EDIT Hadley pointed out that this really would be easier with a reproducible example. Here's code that seems to work. Is there a better or more concise way to do this with ggplot? Why is the syntax for adding another set of points to ggplot so different from adding the first set of data?
library(lattice)
library(ggplot2)
#make some example data
dd<-data.frame(matrix(rnorm(108),36,3),c(rep("A",24),rep("B",24),rep("C",24)))
colnames(dd) <- c("Predicted_value", "Actual_value", "x_value", "State_CD")
#plot with lattice
xyplot(Predicted_value + Actual_value ~ x_value | State_CD, data=dd)
#plot with ggplot
pg <- ggplot(dd, aes(x_value, Predicted_value)) + geom_point(shape = 2) + facet_wrap(~ State_CD) + opts(aspect.ratio = 1)
print(pg)
pg + geom_point(data=dd,aes(x_value, Actual_value,group=State_CD), colour="green")
The lattice output looks like this:
(source: cerebralmastication.com)
and ggplot looks like this:
(source: cerebralmastication.com)
Just following up on what Ian suggested: for ggplot2 you really want all the y-axis stuff in one column with another column as a factor indicating how you want to decorate it.

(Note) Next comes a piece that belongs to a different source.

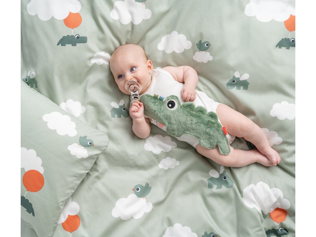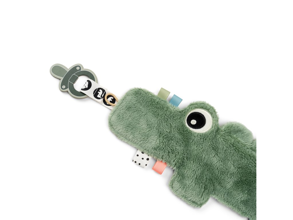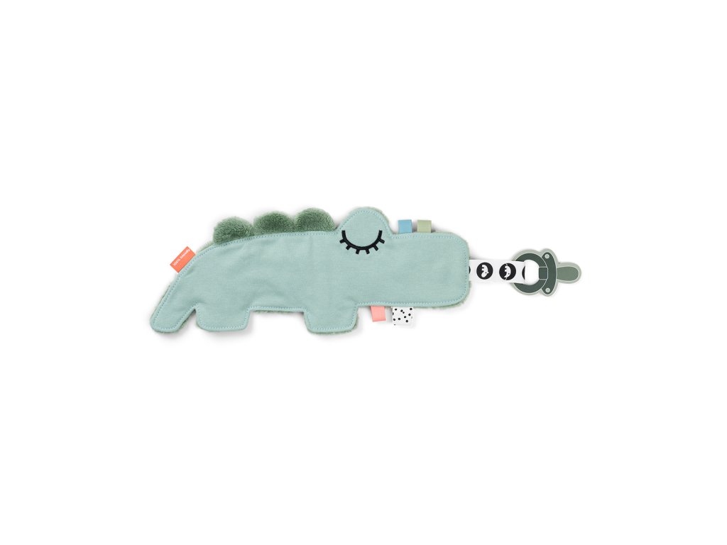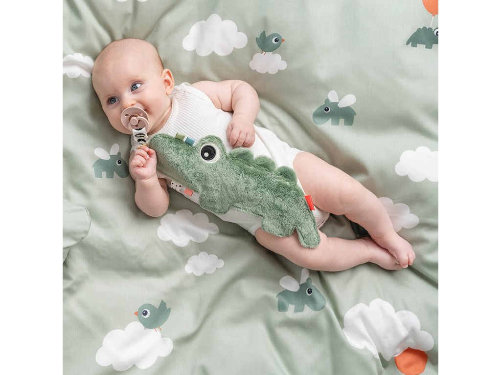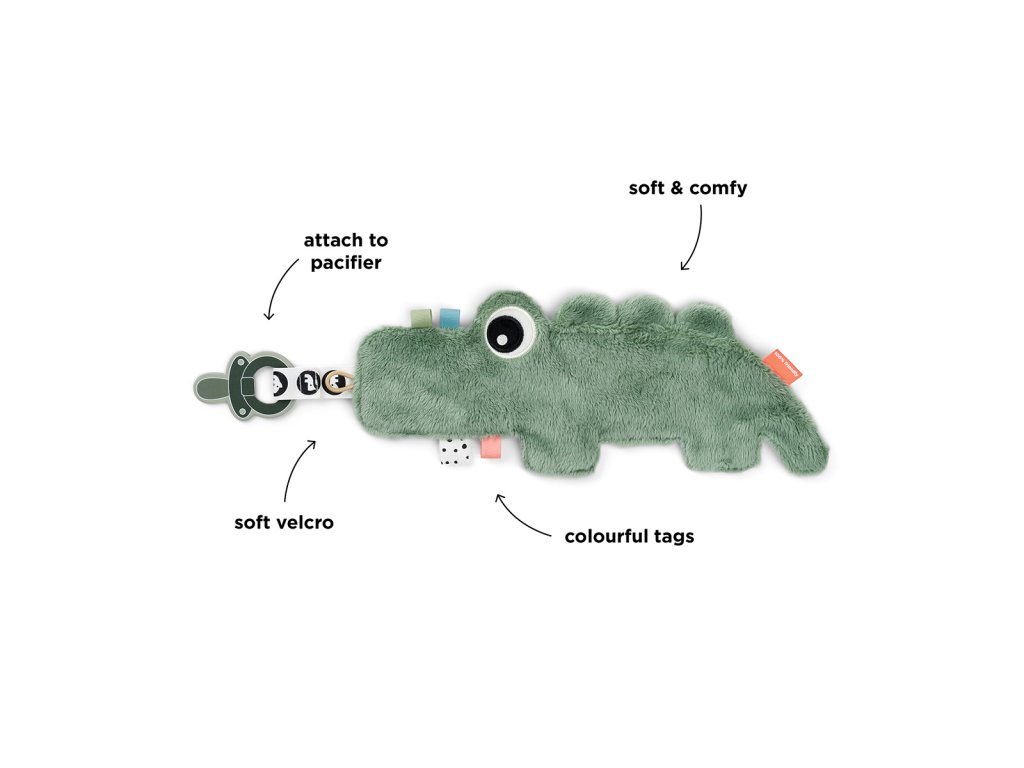 Měkká komfortní dečka Croco v zelené barvě, která poskytuje pohodlí pro vaše dítě. Zábavné textury, tvary a barevné značky pro stimulaci. Krokodýlí přítulka poskytuje super měkký a pohodlný povrch, kterého se můžete držet během spánku nebo hraní. Praktická spona na suchý zip a elastická smyčka umožňují připevnění dudlíku.

It is easy to do this with melt. To wit:
qplot(x_value, value,
data = melt(dd, measure.vars=c("Predicted_value", "Actual_value")),
colour=variable) + facet_wrap(~State_CD)
Here's what it looks like for me:
(source: princeton.edu)
To get an idea of what melt is actually doing, here's the head:
> head(melt(dd, measure.vars=c("Predicted_value", "Actual_value")))
x_value State_CD variable value
1 1.2898779 A Predicted_value 1.0913712
2 0.1077710 A Predicted_value -2.2337188
3 -0.9430190 A Predicted_value 1.1409515
4 0.3698614 A Predicted_value -1.8260033
5 -0.3949606 A Predicted_value -0.3102753
6 -0.1275037 A Predicted_value -1.2945864
You see, it "melts" Predicted_value and Actual_value into one column called value and adds another column called variable letting you know what column it originally came from.
Update: several years on now, I almost always use Jonathan's method (via the tidyr package) with ggplot2. My answer below works in a pinch, but gets tedious fast when you have 3+ variables.
I'm sure Hadley will have a better answer, but - the syntax is different because the ggplot(dd,aes()) syntax is (I think) primarily intended for plotting just one variable. For two, I would use:
ggplot() +
geom_point(data=dd, aes(x_value, Actual_value, group=State_CD), colour="green") +
geom_point(data=dd, aes(x_value, Predicted_value, group=State_CD), shape = 2) +
facet_wrap(~ State_CD) +
theme(aspect.ratio = 1)
Pulling the first set of points out of the ggplot() gives it the same syntax as the second. I find this easier to deal with because the syntax is the same and it emphasizes the "Grammar of Graphics" that is at the core of ggplot2.
you might just want to change the form of your data a little bit, so that you have one y-axis variable, with an additional factor variable indicating whether it is a predicted or actual variable.
Is this something like what you are trying to do?
dd<-data.frame(type=rep(c("Predicted_value","Actual_value"),20),y_value=rnorm(40),
x_value=rnorm(40),State_CD=rnorm(40)>0)
qplot(x_value,y_value,data=dd,colour=type,facets=.~State_CD)
well after posting the question I ran across this R Help thread that may have helped me. It looks like I can do this:
pg + geom_line(data=dd,aes(x_value, Actual_value,group=State_CD), colour="green")
is that a good way of doing things? It odd to me because adding the second item has a totally different syntax than the first.